## TASK INPUT
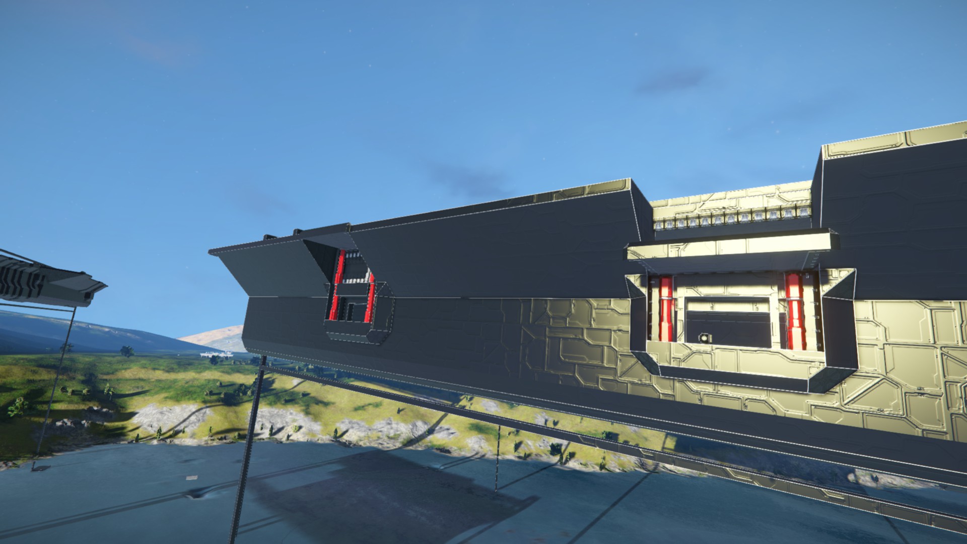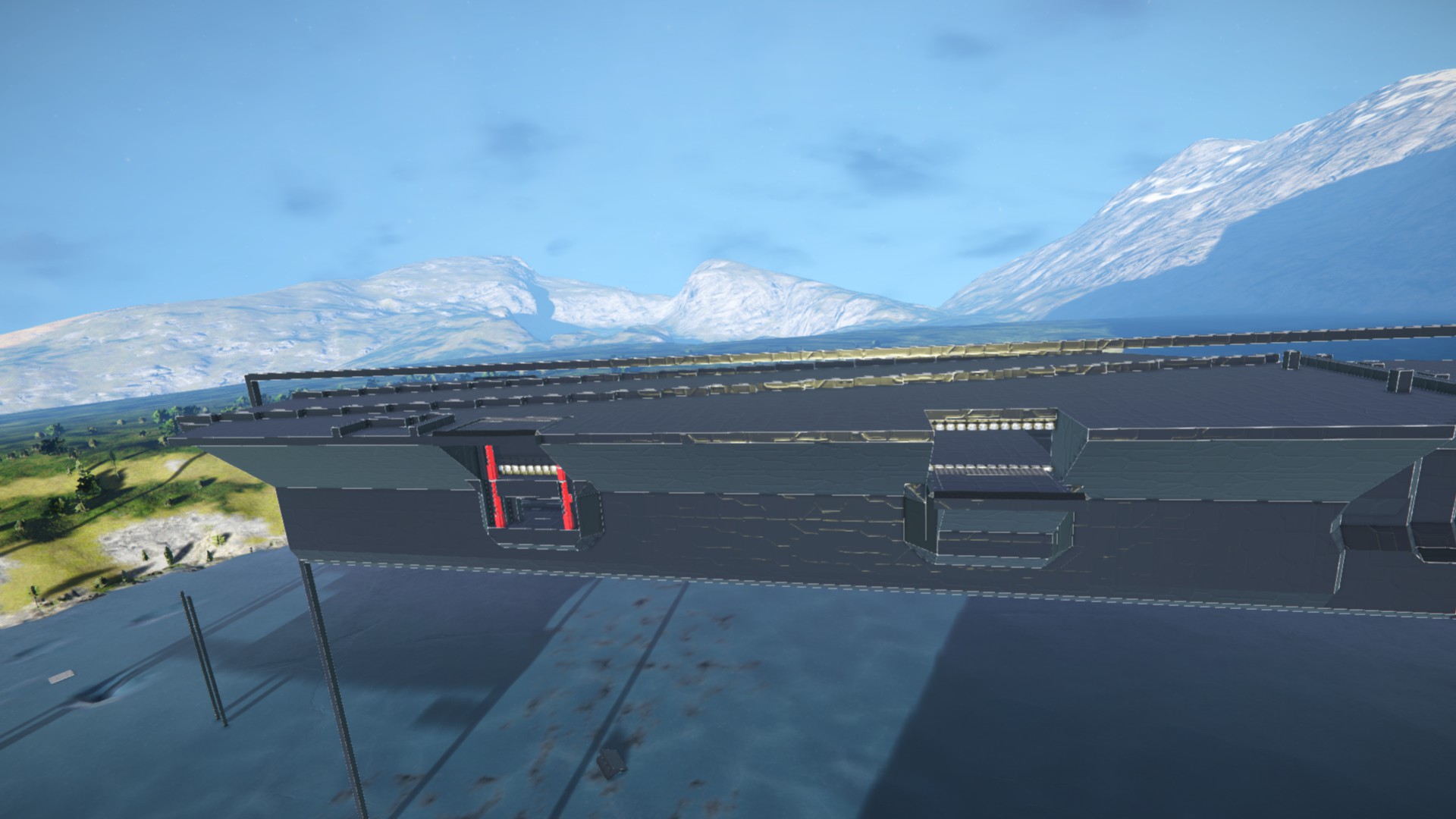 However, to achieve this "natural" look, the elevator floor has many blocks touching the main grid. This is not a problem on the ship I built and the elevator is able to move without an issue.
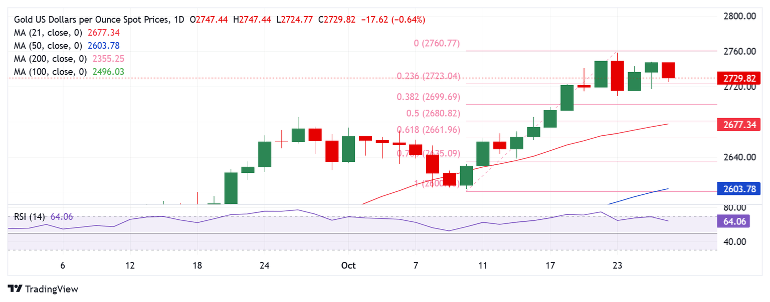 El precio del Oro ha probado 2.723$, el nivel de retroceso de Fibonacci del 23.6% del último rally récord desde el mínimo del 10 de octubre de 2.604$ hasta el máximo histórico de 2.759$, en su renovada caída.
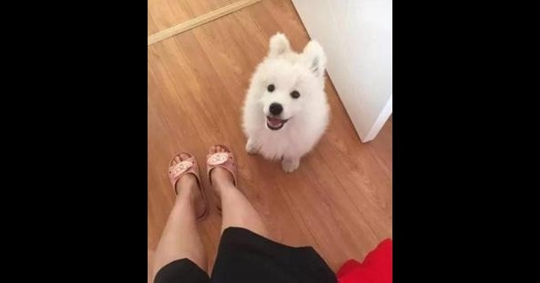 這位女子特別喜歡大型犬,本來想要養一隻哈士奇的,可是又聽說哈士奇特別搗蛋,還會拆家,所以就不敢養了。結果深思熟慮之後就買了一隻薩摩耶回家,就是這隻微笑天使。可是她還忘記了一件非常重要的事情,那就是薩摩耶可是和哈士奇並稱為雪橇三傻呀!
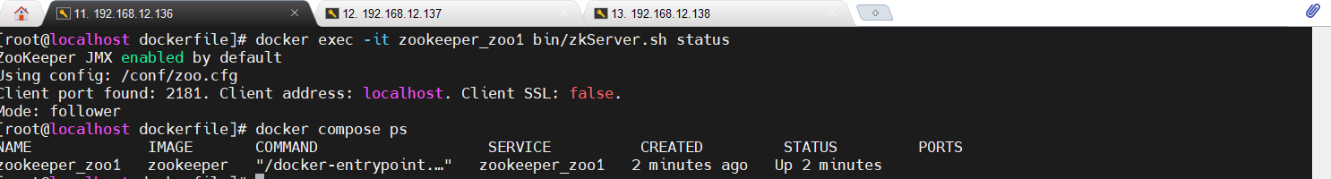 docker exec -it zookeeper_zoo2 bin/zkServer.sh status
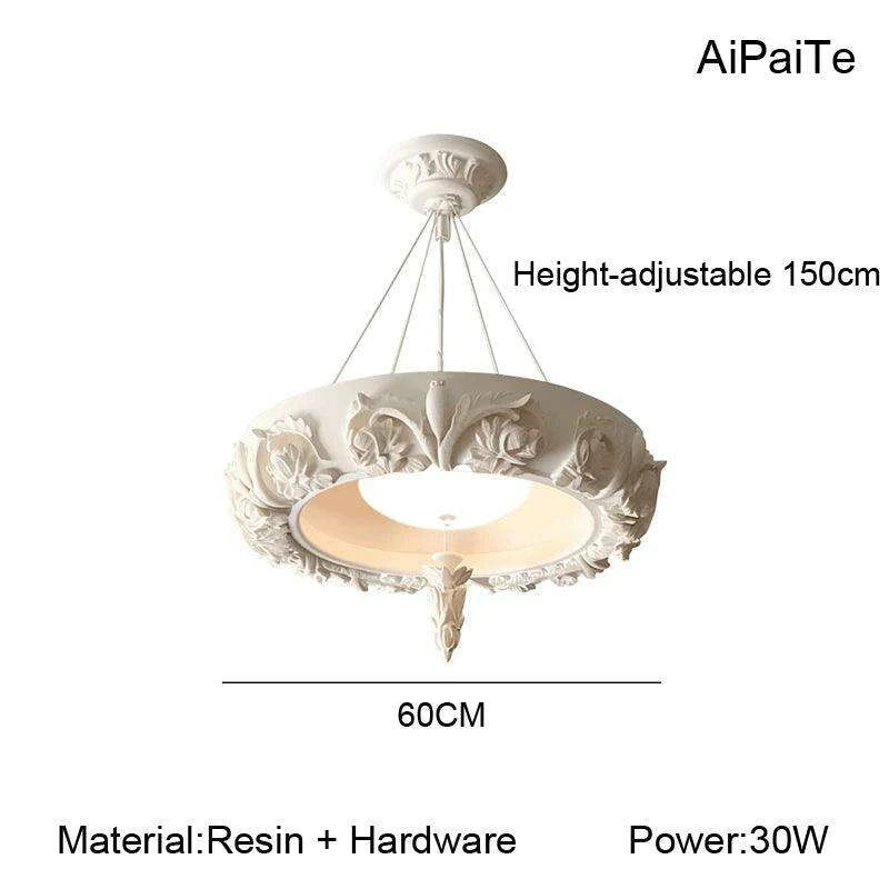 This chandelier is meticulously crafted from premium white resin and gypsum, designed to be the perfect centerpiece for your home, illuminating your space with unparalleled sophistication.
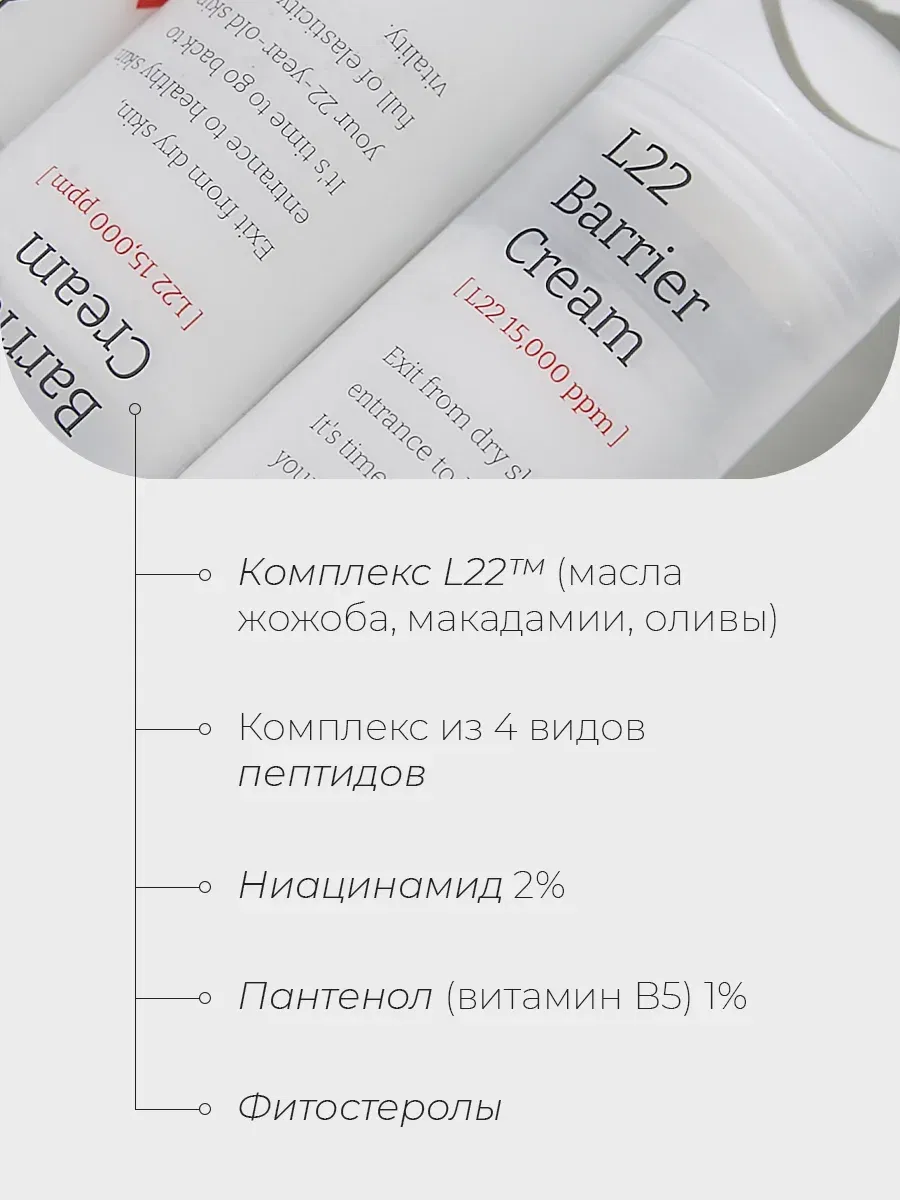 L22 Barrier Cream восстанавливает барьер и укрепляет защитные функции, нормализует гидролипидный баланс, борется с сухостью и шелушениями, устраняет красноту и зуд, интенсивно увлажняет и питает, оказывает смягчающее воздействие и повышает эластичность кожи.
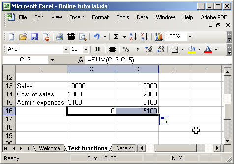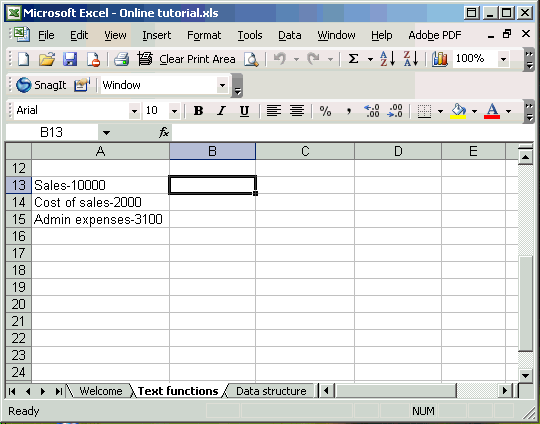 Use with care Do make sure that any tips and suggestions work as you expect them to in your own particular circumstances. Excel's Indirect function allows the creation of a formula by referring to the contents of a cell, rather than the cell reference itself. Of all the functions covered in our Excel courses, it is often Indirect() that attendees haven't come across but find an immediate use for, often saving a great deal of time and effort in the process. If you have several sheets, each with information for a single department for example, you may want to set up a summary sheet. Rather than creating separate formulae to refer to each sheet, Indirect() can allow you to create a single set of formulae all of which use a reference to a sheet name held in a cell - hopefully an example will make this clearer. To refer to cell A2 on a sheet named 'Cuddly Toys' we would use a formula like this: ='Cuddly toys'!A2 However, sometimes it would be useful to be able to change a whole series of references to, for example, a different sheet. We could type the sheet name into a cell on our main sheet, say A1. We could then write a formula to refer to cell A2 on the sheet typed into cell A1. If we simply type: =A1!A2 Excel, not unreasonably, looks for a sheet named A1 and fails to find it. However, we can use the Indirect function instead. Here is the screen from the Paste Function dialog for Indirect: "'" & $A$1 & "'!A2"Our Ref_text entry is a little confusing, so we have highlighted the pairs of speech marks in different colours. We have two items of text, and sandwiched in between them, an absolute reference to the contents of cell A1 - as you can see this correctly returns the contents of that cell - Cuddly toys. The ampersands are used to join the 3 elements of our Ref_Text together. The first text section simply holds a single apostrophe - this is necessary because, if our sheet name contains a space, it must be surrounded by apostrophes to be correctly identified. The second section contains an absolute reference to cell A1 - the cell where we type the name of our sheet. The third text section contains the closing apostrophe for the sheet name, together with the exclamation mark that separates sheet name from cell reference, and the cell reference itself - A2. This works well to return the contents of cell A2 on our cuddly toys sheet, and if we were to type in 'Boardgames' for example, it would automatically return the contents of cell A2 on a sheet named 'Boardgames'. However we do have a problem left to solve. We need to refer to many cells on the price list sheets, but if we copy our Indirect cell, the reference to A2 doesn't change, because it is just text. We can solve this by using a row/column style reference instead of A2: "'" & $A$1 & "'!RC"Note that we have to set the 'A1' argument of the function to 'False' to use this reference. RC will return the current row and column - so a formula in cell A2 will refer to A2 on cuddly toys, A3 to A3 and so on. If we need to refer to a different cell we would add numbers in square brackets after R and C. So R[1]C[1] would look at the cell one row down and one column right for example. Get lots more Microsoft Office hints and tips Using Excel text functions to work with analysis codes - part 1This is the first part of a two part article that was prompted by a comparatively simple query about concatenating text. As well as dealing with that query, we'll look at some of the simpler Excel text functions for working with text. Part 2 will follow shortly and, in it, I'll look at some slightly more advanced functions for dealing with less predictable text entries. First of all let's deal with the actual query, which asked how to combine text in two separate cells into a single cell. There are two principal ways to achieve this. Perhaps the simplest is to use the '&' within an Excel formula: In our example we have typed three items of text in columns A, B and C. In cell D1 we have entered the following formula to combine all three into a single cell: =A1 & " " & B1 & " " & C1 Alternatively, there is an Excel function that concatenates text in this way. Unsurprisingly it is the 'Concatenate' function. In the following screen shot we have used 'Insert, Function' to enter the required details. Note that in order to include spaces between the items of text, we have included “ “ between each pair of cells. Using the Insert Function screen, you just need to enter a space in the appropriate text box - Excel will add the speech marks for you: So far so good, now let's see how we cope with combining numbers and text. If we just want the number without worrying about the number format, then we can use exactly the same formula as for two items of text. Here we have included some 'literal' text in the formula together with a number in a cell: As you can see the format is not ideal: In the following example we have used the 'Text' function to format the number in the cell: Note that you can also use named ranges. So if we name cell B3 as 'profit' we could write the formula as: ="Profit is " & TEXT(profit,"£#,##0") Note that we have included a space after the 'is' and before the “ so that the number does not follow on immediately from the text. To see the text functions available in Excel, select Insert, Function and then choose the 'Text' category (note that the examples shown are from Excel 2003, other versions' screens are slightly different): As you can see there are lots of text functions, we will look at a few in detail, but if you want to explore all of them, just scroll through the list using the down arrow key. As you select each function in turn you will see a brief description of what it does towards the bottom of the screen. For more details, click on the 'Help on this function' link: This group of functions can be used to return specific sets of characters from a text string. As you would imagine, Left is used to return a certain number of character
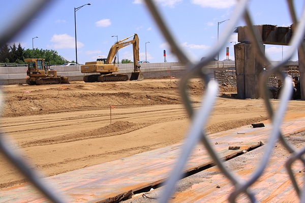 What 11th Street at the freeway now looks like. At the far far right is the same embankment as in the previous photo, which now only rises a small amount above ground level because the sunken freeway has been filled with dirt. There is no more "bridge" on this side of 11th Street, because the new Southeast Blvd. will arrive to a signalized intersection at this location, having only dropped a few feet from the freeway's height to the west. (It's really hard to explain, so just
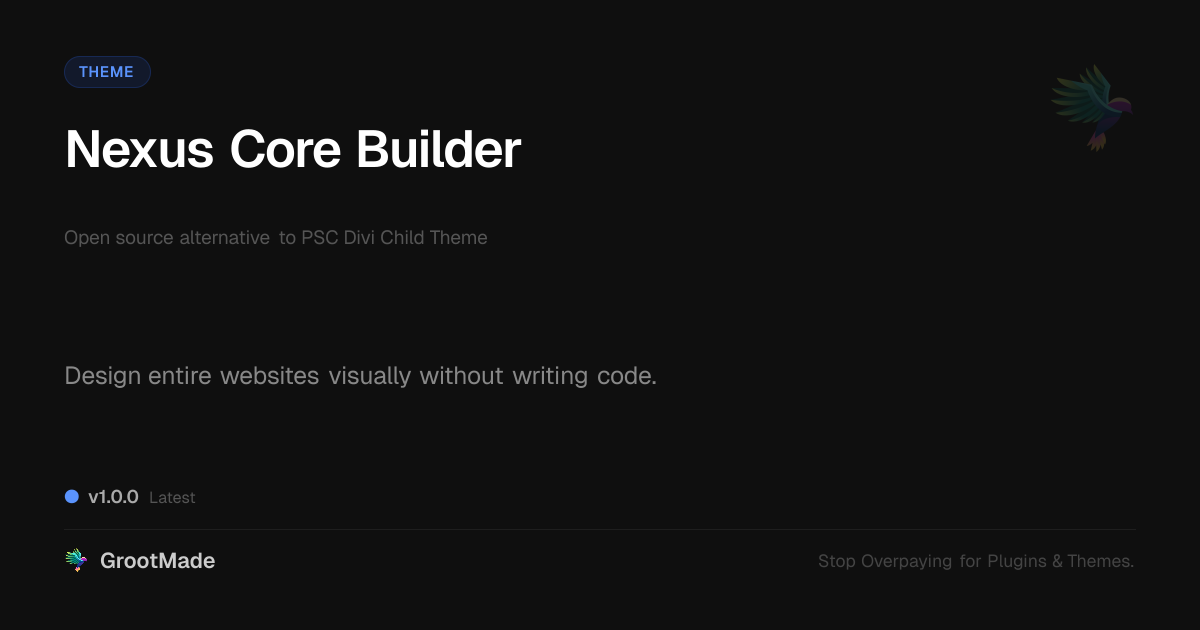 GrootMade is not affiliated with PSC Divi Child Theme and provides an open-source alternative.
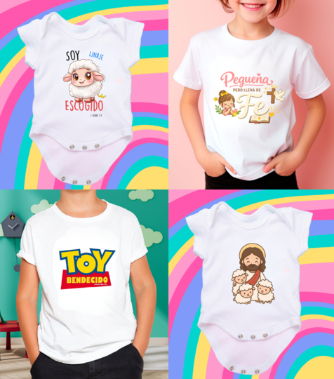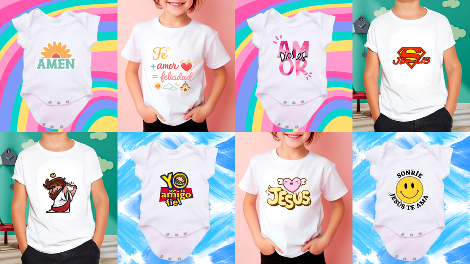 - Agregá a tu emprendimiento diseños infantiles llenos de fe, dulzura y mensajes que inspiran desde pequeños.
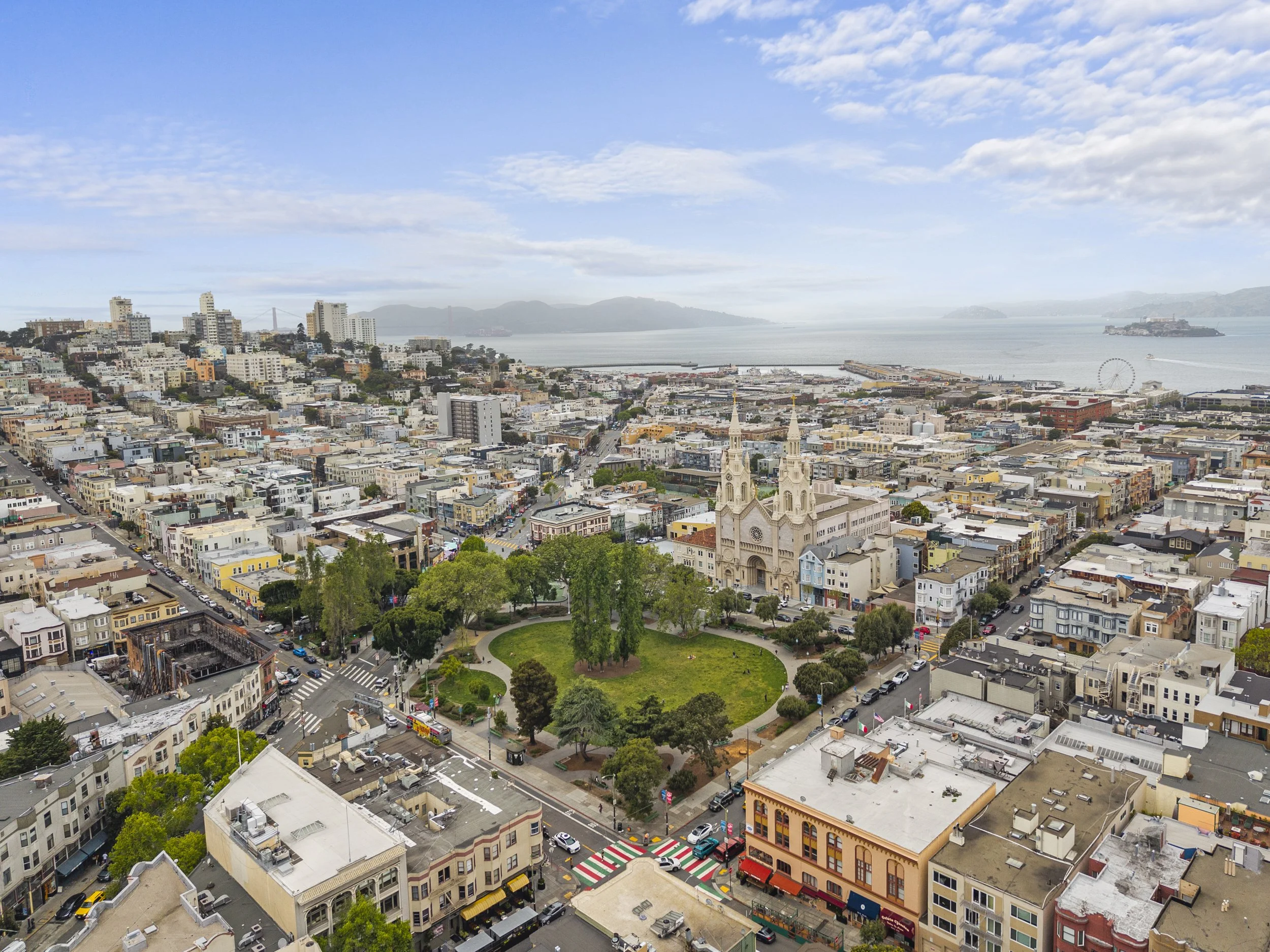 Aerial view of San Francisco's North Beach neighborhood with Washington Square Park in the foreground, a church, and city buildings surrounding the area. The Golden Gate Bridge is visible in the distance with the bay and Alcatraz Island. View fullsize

## TASK TO CARRY OUT
Make an exact copy of the records from their first line through the line containing "L22 Barrier Cream", both ends included, with the pictures omitted.

## RESULT
 However, to achieve this "natural" look, the elevator floor has many blocks touching the main grid. This is not a problem on the ship I built and the elevator is able to move without an issue.
 El precio del Oro ha probado 2.723$, el nivel de retroceso de Fibonacci del 23.6% del último rally récord desde el mínimo del 10 de octubre de 2.604$ hasta el máximo histórico de 2.759$, en su renovada caída.
 這位女子特別喜歡大型犬,本來想要養一隻哈士奇的,可是又聽說哈士奇特別搗蛋,還會拆家,所以就不敢養了。結果深思熟慮之後就買了一隻薩摩耶回家,就是這隻微笑天使。可是她還忘記了一件非常重要的事情,那就是薩摩耶可是和哈士奇並稱為雪橇三傻呀!
 docker exec -it zookeeper_zoo2 bin/zkServer.sh status
 This chandelier is meticulously crafted from premium white resin and gypsum, designed to be the perfect centerpiece for your home, illuminating your space with unparalleled sophistication.
 L22 Barrier Cream восстанавливает барьер и укрепляет защитные функции, нормализует гидролипидный баланс, борется с сухостью и шелушениями, устраняет красноту и зуд, интенсивно увлажняет и питает, оказывает смягчающее воздействие и повышает эластичность кожи.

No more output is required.